- Material provided
■ ■ ■ ■

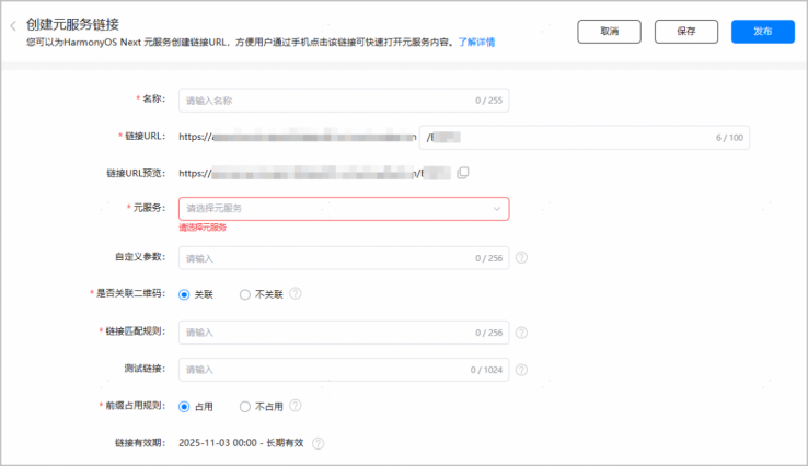1、创建元服务链接时可正常在AGC控制台进行配置,若不关联二维码,可直接使用元服务链接进行测试。
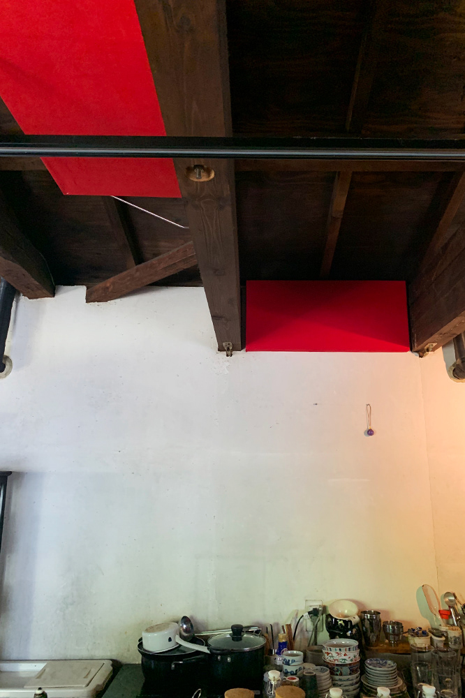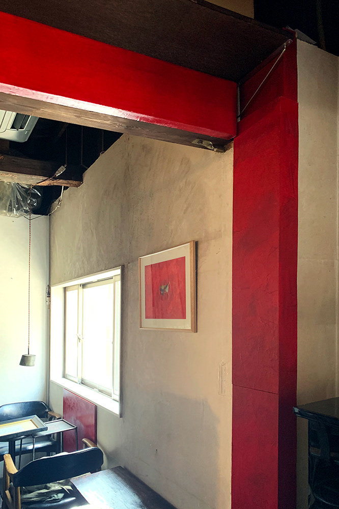 赤いアートピースを喫茶まるなの店内(窓ガラス、ガラスケースの鏡、写真作品の額縁の側面、壁の溝など計15箇所)至る所に「さりげなく」当てはめた。赤本来の持つ強烈な色彩が、「さりげなさ」の中にいかに存在の強さを発揮し、喫茶まるなの空間に影響していくか、実験的な試みであった。
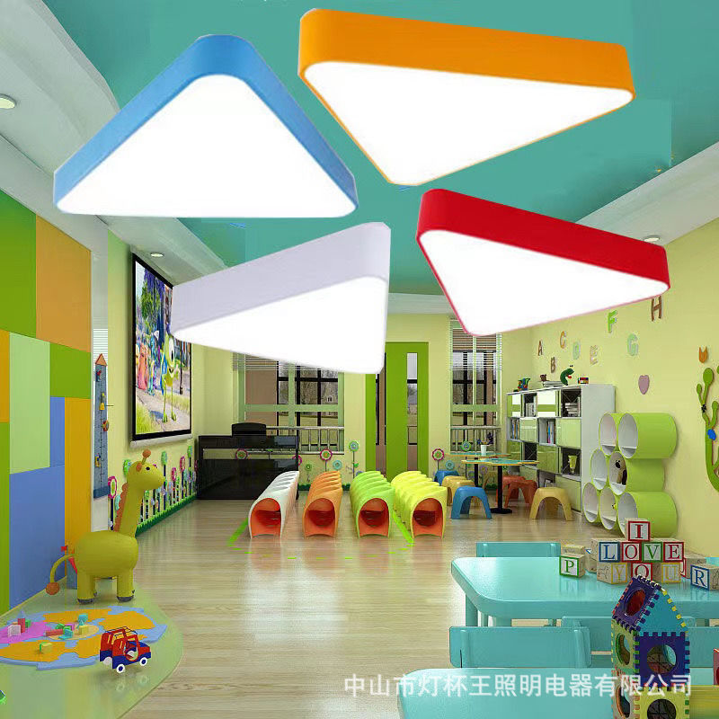 Jardín de infantes lámpara de techo LED triángulo sólido sala de aula institución de capacitación de educación temprana creativa color lámpara de forma especial
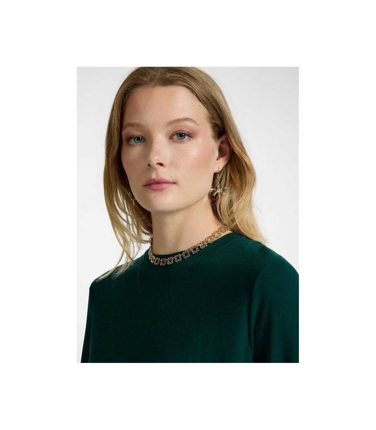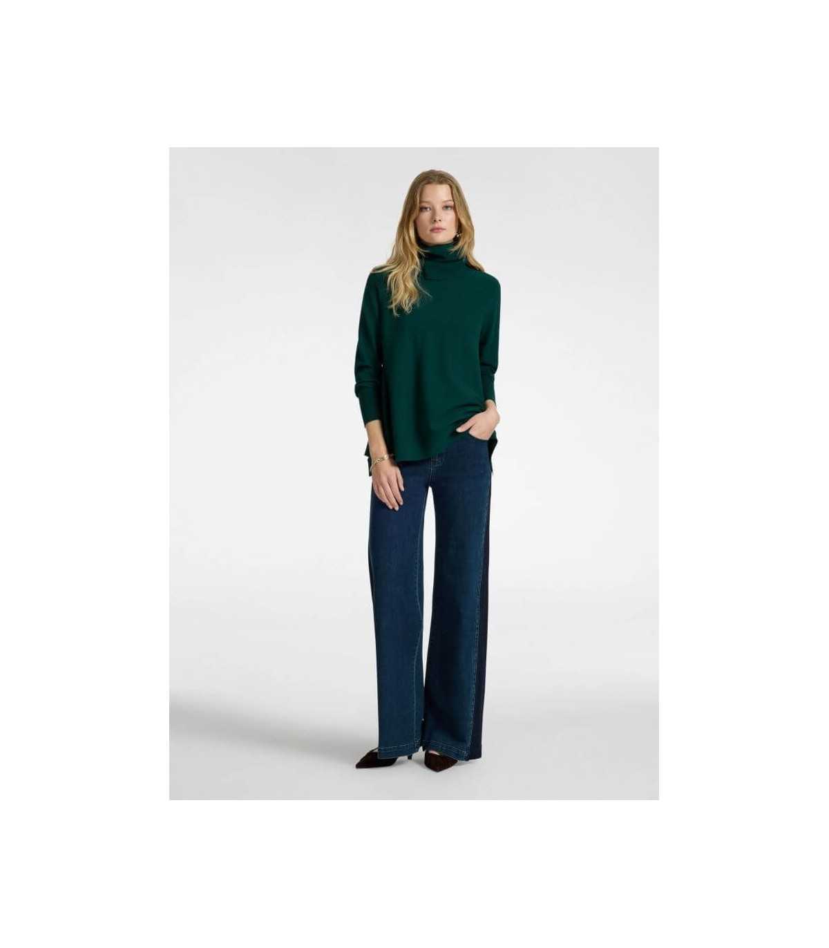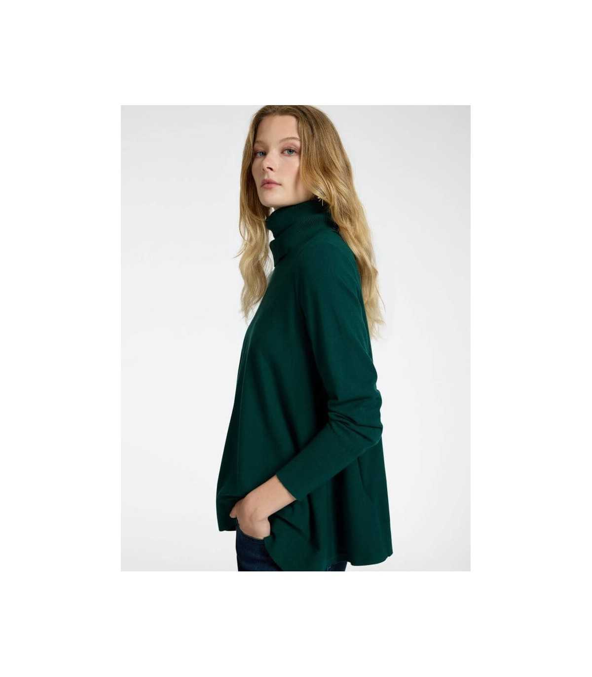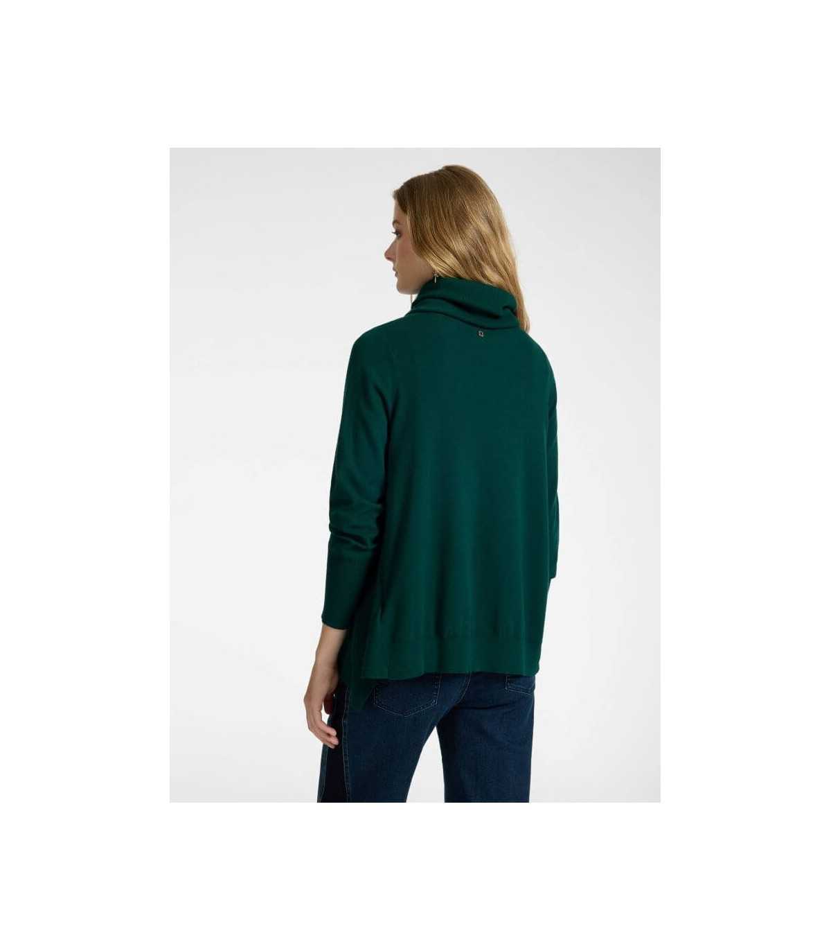 Suéter holgado en color verde laurel, corte amplio con puntas en los laterales, cuello alto acanalado desmontable y manga larga, de la marca italiana Elena Mirò.

■ ■ ■ ■

- Problem description
Give back the whole listing exactly; no pictures.

- Output for this exercise
1、创建元服务链接时可正常在AGC控制台进行配置,若不关联二维码,可直接使用元服务链接进行测试。
 赤いアートピースを喫茶まるなの店内(窓ガラス、ガラスケースの鏡、写真作品の額縁の側面、壁の溝など計15箇所)至る所に「さりげなく」当てはめた。赤本来の持つ強烈な色彩が、「さりげなさ」の中にいかに存在の強さを発揮し、喫茶まるなの空間に影響していくか、実験的な試みであった。
 Jardín de infantes lámpara de techo LED triángulo sólido sala de aula institución de capacitación de educación temprana creativa color lámpara de forma especial
 Suéter holgado en color verde laurel, corte amplio con puntas en los laterales, cuello alto acanalado desmontable y manga larga, de la marca italiana Elena Mirò.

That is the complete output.